▶ [Task brief]: One range is to be output from the listing below, exactly as written: the line with "晋城,山西省的一座历史文化名" to the line with "وأظهرت الدراسة كذلك", both kept.

▶ [Data shown]:
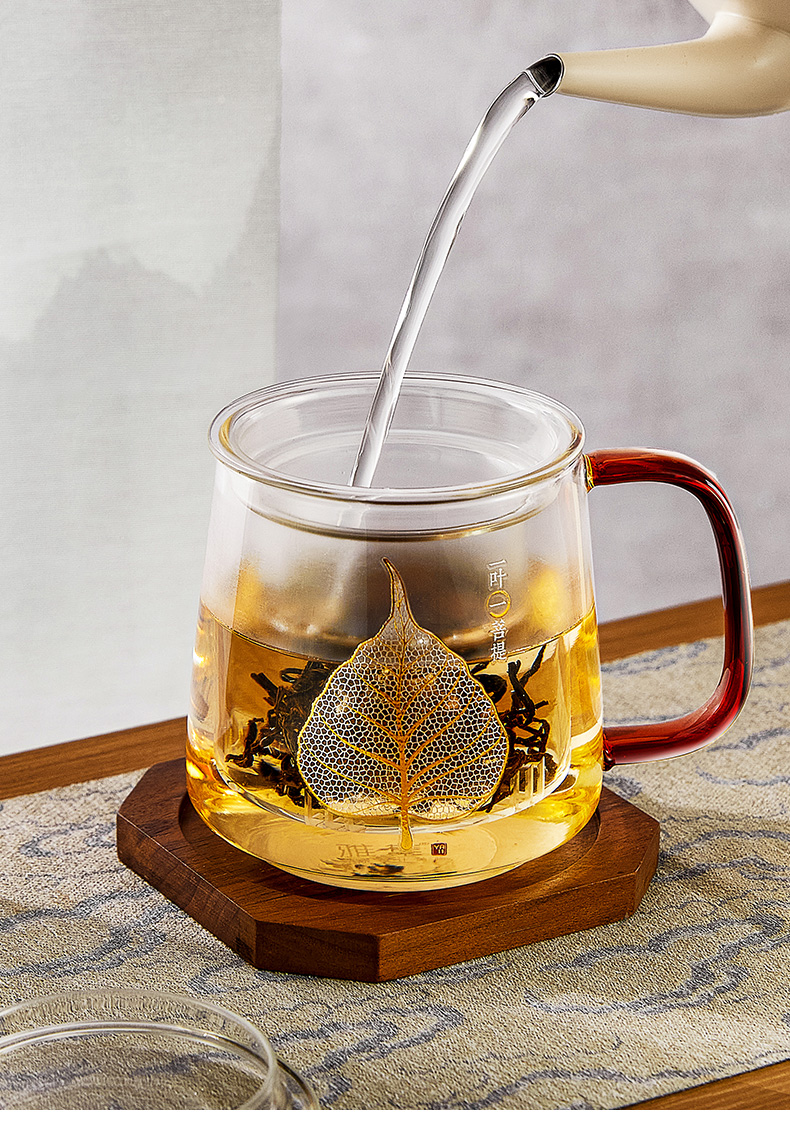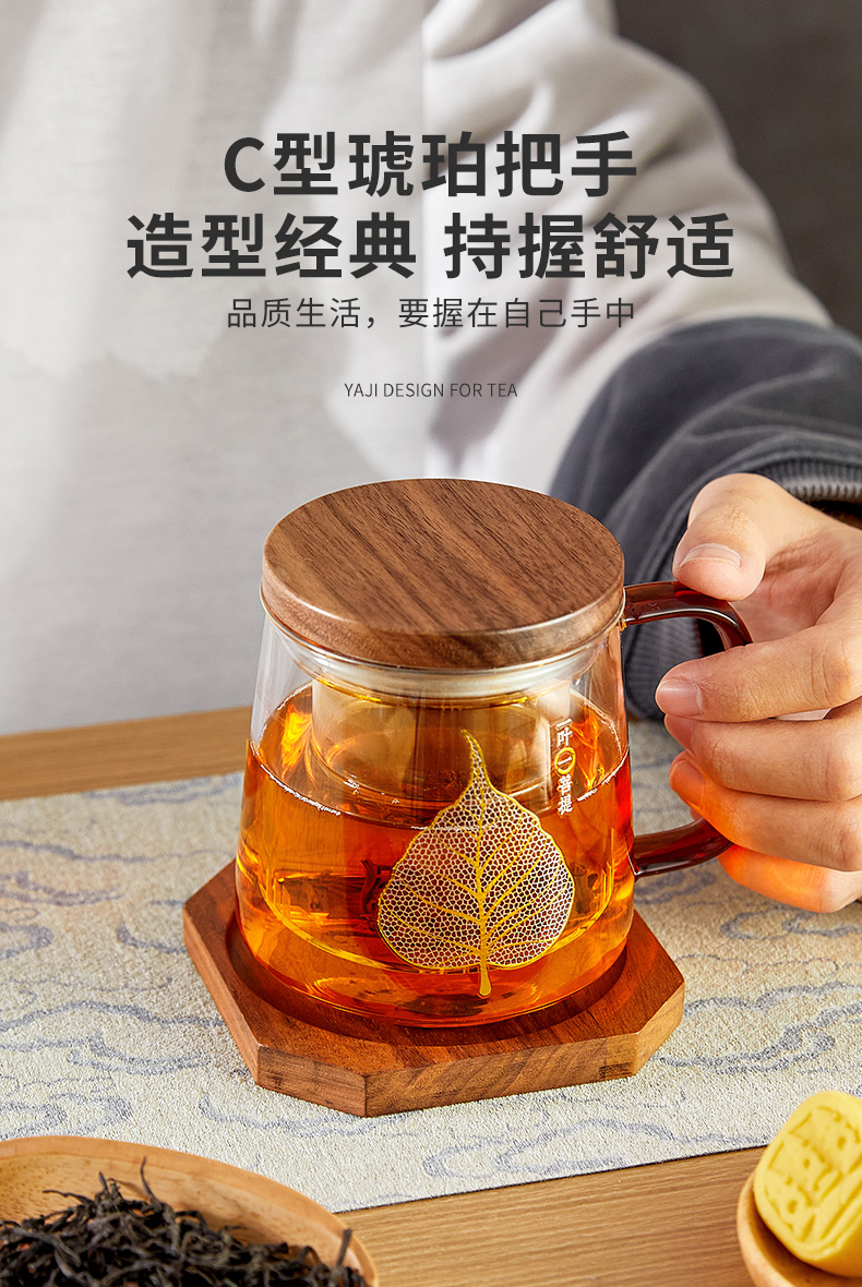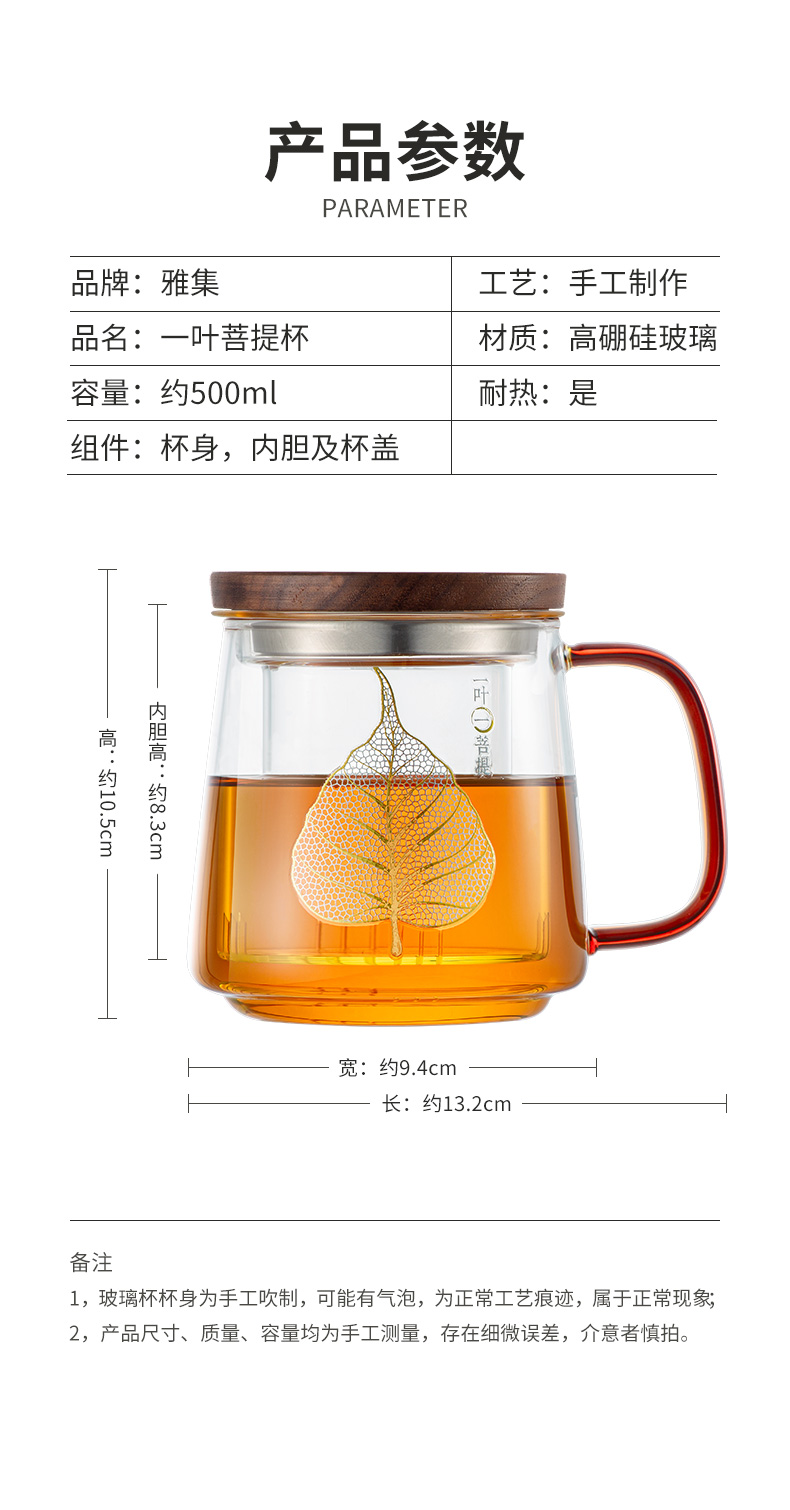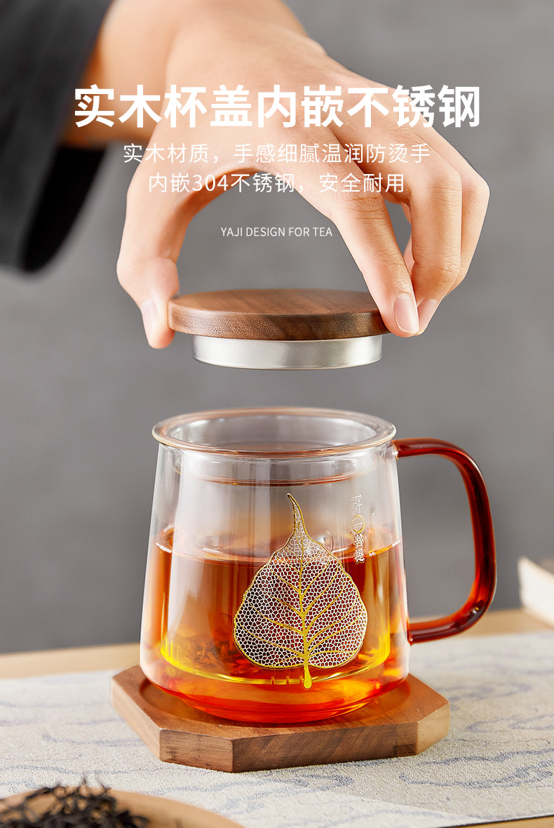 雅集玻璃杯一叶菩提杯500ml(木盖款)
* * *
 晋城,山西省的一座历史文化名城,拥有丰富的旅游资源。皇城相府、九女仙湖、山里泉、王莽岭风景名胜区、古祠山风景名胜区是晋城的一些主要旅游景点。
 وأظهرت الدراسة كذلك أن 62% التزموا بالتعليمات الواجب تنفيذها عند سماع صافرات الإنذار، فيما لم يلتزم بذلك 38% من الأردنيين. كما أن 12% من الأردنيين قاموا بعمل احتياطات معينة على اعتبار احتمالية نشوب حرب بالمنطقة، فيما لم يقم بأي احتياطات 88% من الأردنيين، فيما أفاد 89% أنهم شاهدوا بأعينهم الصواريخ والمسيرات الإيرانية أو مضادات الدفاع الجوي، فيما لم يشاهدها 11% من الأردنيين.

▶ [Exercise solution]:
 晋城,山西省的一座历史文化名城,拥有丰富的旅游资源。皇城相府、九女仙湖、山里泉、王莽岭风景名胜区、古祠山风景名胜区是晋城的一些主要旅游景点。
 وأظهرت الدراسة كذلك أن 62% التزموا بالتعليمات الواجب تنفيذها عند سماع صافرات الإنذار، فيما لم يلتزم بذلك 38% من الأردنيين. كما أن 12% من الأردنيين قاموا بعمل احتياطات معينة على اعتبار احتمالية نشوب حرب بالمنطقة، فيما لم يقم بأي احتياطات 88% من الأردنيين، فيما أفاد 89% أنهم شاهدوا بأعينهم الصواريخ والمسيرات الإيرانية أو مضادات الدفاع الجوي، فيما لم يشاهدها 11% من الأردنيين.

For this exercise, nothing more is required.